BEGIN INFORMATION SHOWN

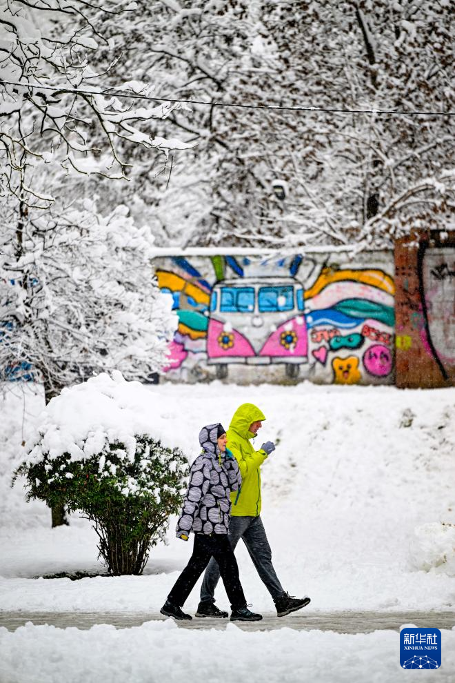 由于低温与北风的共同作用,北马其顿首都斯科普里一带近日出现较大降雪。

END INFORMATION SHOWN
BEGIN INFORMATION SHOWN

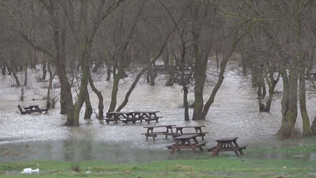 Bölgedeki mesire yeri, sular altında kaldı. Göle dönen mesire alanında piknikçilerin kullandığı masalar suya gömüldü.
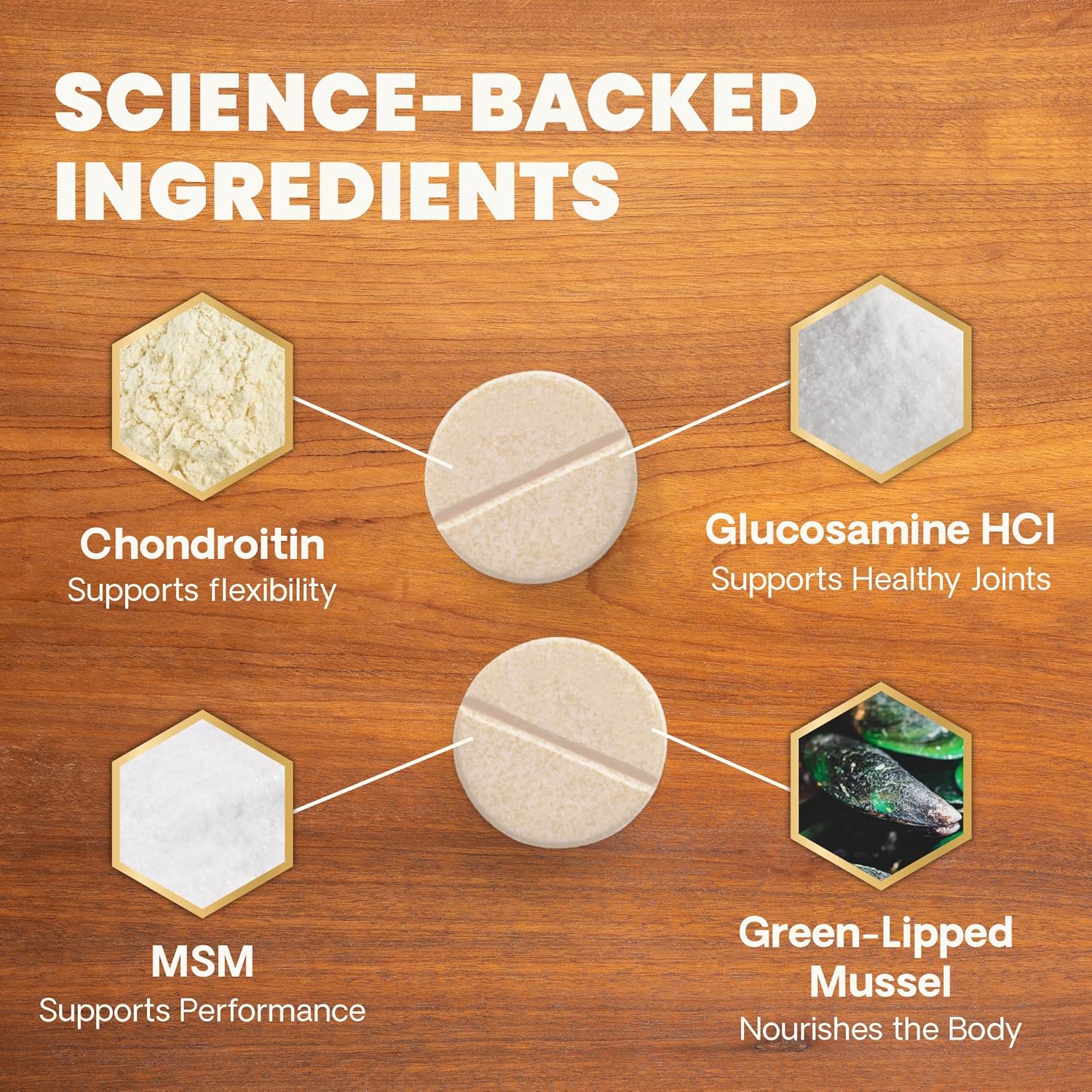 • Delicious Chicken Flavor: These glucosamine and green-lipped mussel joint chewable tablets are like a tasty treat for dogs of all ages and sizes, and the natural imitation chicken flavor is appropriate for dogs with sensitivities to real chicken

END INFORMATION SHOWN

• PROBLEM TO WORK ON: Transcribe only the lines above that start at the line containing "Bölgedeki mesire yeri, sular" and end at the line containing "to real chicken". Omit pictures.

• OUTPUT FOR THIS TASK:
 Bölgedeki mesire yeri, sular altında kaldı. Göle dönen mesire alanında piknikçilerin kullandığı masalar suya gömüldü.
 • Delicious Chicken Flavor: These glucosamine and green-lipped mussel joint chewable tablets are like a tasty treat for dogs of all ages and sizes, and the natural imitation chicken flavor is appropriate for dogs with sensitivities to real chicken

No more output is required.